Y'all pay 41¢?! That's insane, the highest priced energy provider where I'm at is 7¢. Does your electricity come with foot massages? If you take the default electric provider you pay 5¢, and 5.5¢ if you want 100% renewables.
$0.41/kWh is a good price. I pay at least $0.50/kWh and I have family in the exurbs paying as much as $0.91/kWh in San Diego county. That doesn't include the fixed hook up costs that are constantly going up. We have plans that charge a lot less over night ($0.10-0.20/kWh) to charge EVs though.
Actually yes, I did the math a few months ago and if you have a gas generator such as [1], you can produce electricity from PG&E's gas for cheaper than PG&E's own electrical rates.
Details:
The generator linked below can produce 17 kWh of electricity by burning 307 cubic feet of natural gas. That translates to 3.07 therms of gas, and looking at my bill PG&E charges around $2.3 / therm, so the generator would produce electricity at a marginal cost of $0.41/kWh, cheaper than what I pay.

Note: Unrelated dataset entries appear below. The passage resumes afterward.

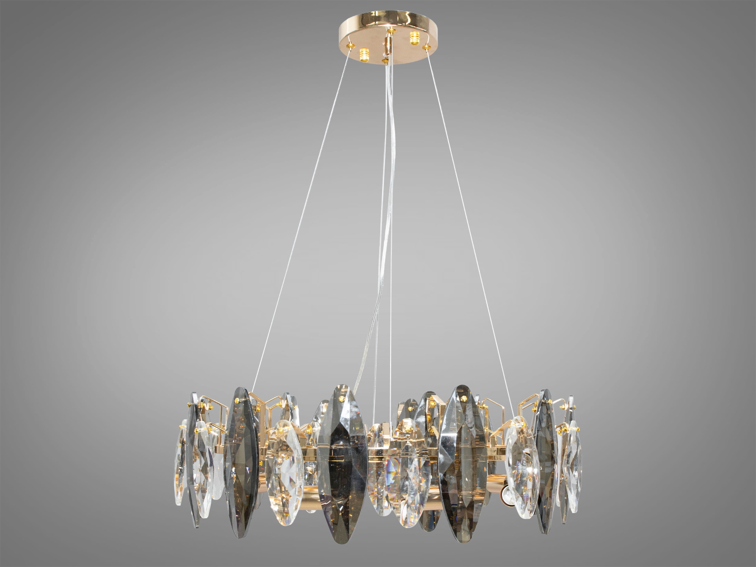 Дизайнерська кришталева люстра на кухню в сучасному стилі, також добре виглядатиме в інтер'єрі зали, вітальні, спальні, їдальні, сучасних холах. Висота люстри регулюється, завдяки чому підходить для низьких стель. У класичний інтер'єр вона вносить нотки сучасності та легкої грайливості, а квартирі студії у стилі лофт дарує крапельку суворості та впорядкованості.
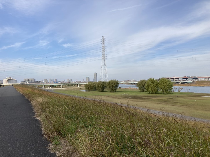 豊島橋を渡って、隅田川と荒川に挟まれた土手上の「宮城ゆうゆう公園」に向かいます。
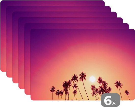 Set de table - Napperons de table en plastique - Soleil - Palmier - Été - 45x30 cm - 6 pièces - Résistant à la chaleur - Antidérapant - Pad - Amovible
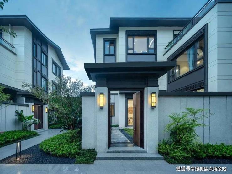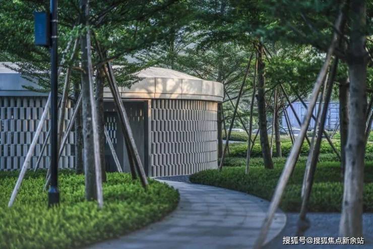 合院采用岭南设计风格,270°风光围合,用石材铺装,以草坪加灌木、乔木的方式创造出了多重立体植物的庭院空间,以石柱、月洞门等景观小品加以点缀。
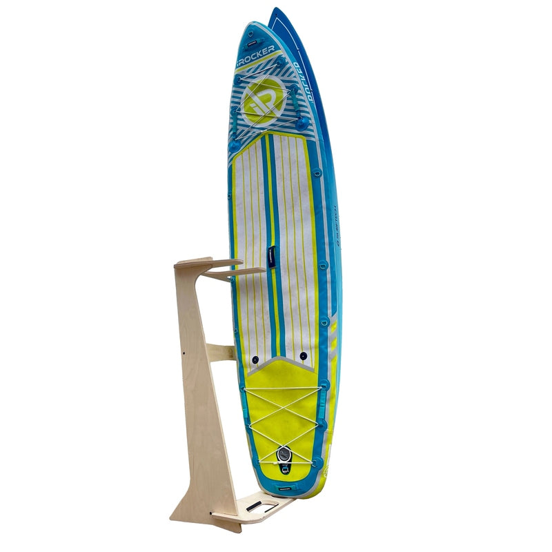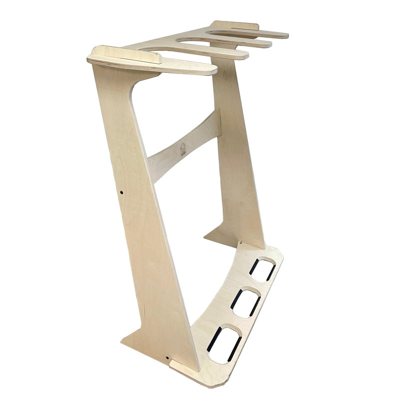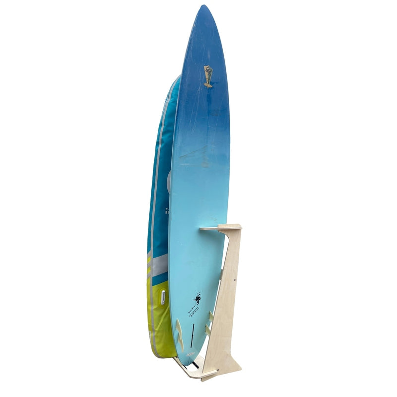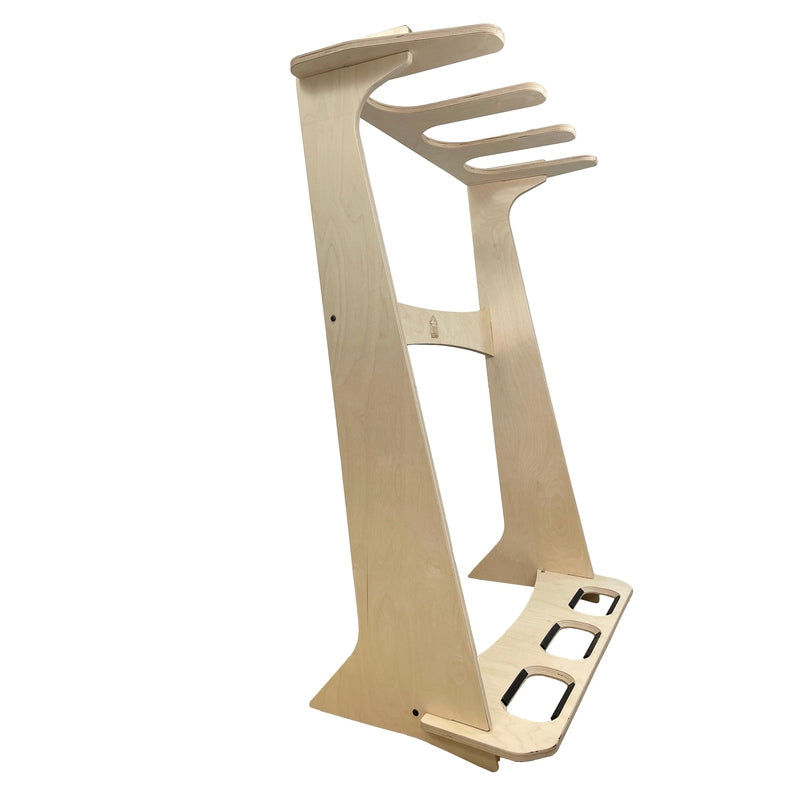 The Pacifica XL free standing floor display rack is meant for wider and longer boards like paddle boards and SUPs. Made from beautiful Baltic Birch this rack comes with premium rubber to protect your tail and has slots wide enough to hold a board up to 7.5" thick.

Of course this ignores maintenance costs and the upfront cost of the generator itself ($6,000), not to mention environmental costs.

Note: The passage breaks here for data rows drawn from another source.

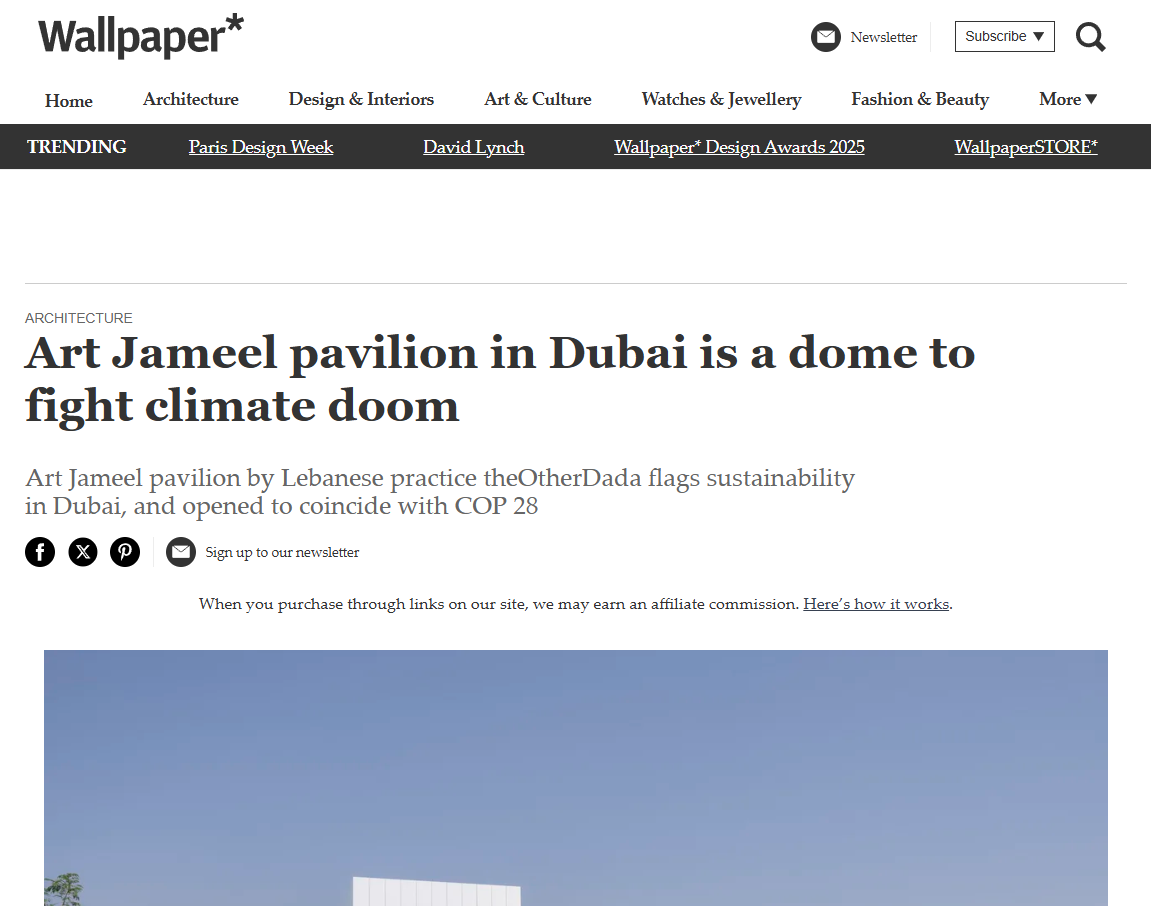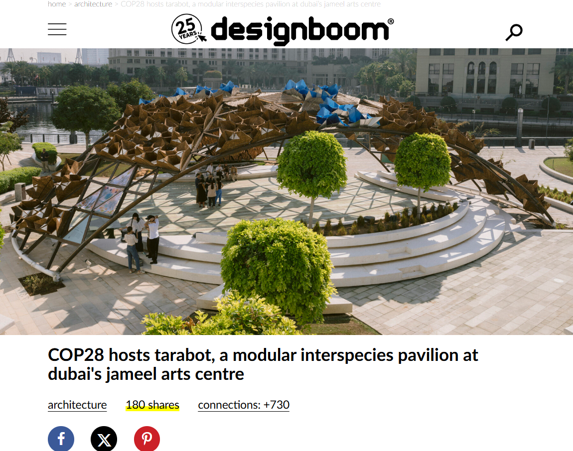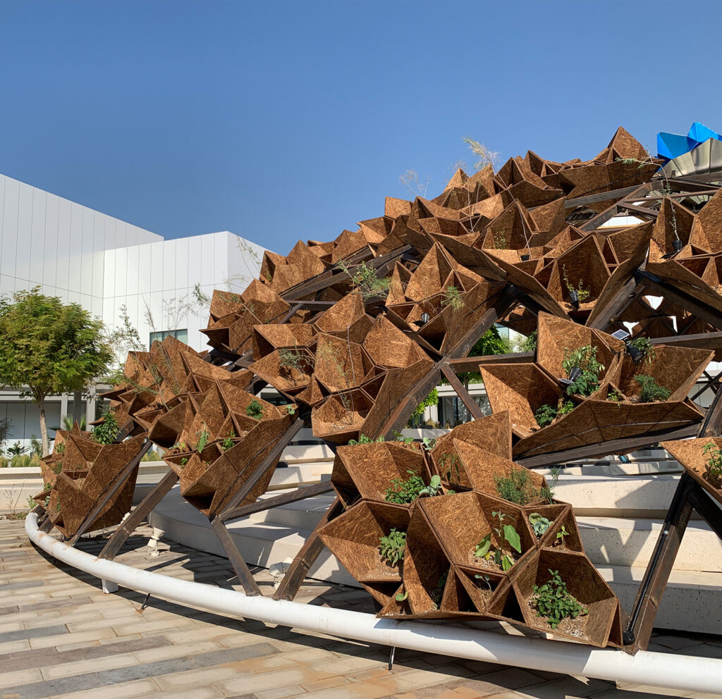 Tarabot, which means interconnectedness in Arabic, is commissioned by Art Jameel and designed by the OtherDada with collaborations with UAE companies supplying local material that is upcycled from local waste, particularly palm waste which is abundantly available in the UAE. The concept of the pavilion incorporates construction and de-installation through a full lifecycle approach. After de-installation, the modular cones will be repurposed for domestic planting on land with the metal structure taking on new life as underwater habitat for coral and fish, linking life on land to life underwater.
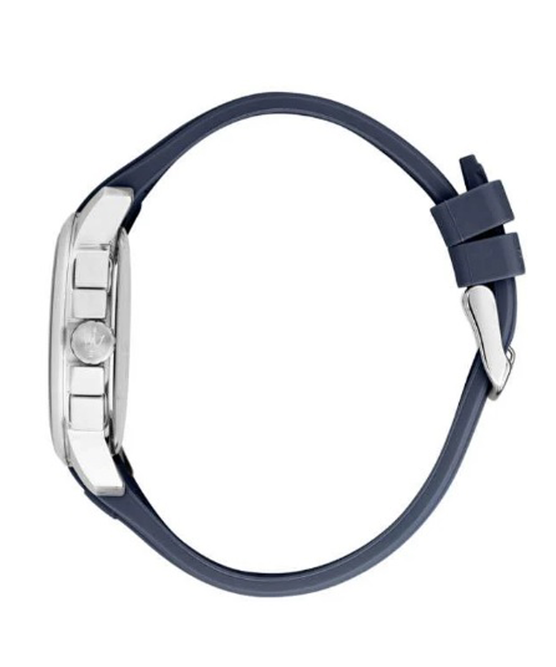 Аналоговий циферблат сріблястого кольору в контрасті з синім акцентує увагу на кожній деталі, підкреслюючи стиль і технологічність. Люмінесцентні стрілки та мітки часу забезпечують зручність у читанні показників навіть за слабкого освітлення. Додаткове віконце для дати, 24-годинний формат часу та вбудований хронограф додають функціональності та практичності.
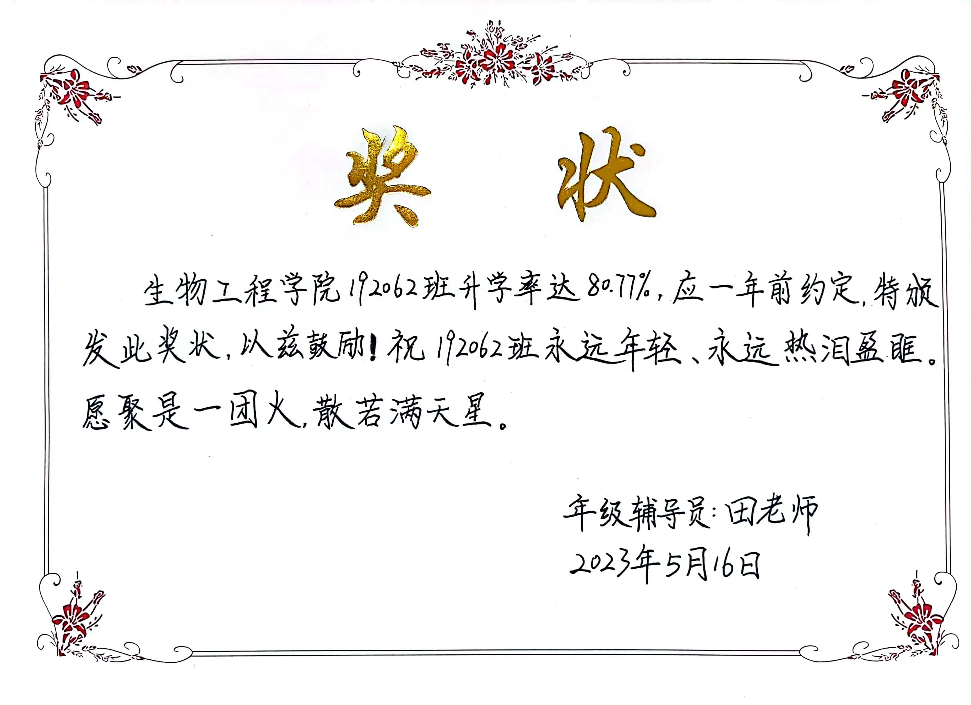 在此,同大家分享属于192062班的收获的喜悦,真诚的感谢生物工程学院领导、老师们对192062班全体同学四年的悉心培养和谆谆教诲。六月毕业季,向夏风许愿,于山海相见。愿此去繁花似锦,再相逢依然如故。

I hate to be that guy, but instead of running a generator why not deploy rooftop solar? If we’re already ignoring upfront costs it generates your electricity for zero dollars.
be that guy. if you've got the space for it it's definitely under consideration but there's only so many dollars to spend on things. solar plus batteries is the dream but I'm not made of money. Unfortunately part of these changes actually disincentivzes paying for solar which is just so aggravating. nationalizing pg&e when?
You can also use a plugin hybrid as a quiet generator and battery bank. My Chevy volt kicks out 2kw into the 12v system bus when on, and then you just need an inverter. Once you use up the available 10kwh battery pack, the gas engine will just turn on and it makes about 10kwh per gallon.
You can get 30 kW (EG4-LifePower4) for $9000. Depending on your handyman skills, you can assemble most of the system yourself and have an electrician check it over, tie it into your electrical service, and sign off on the project.
If I were doing solar and batteries today, I would not try to feed any power to the grid except as part of a virtual power plant that pays me peak rates.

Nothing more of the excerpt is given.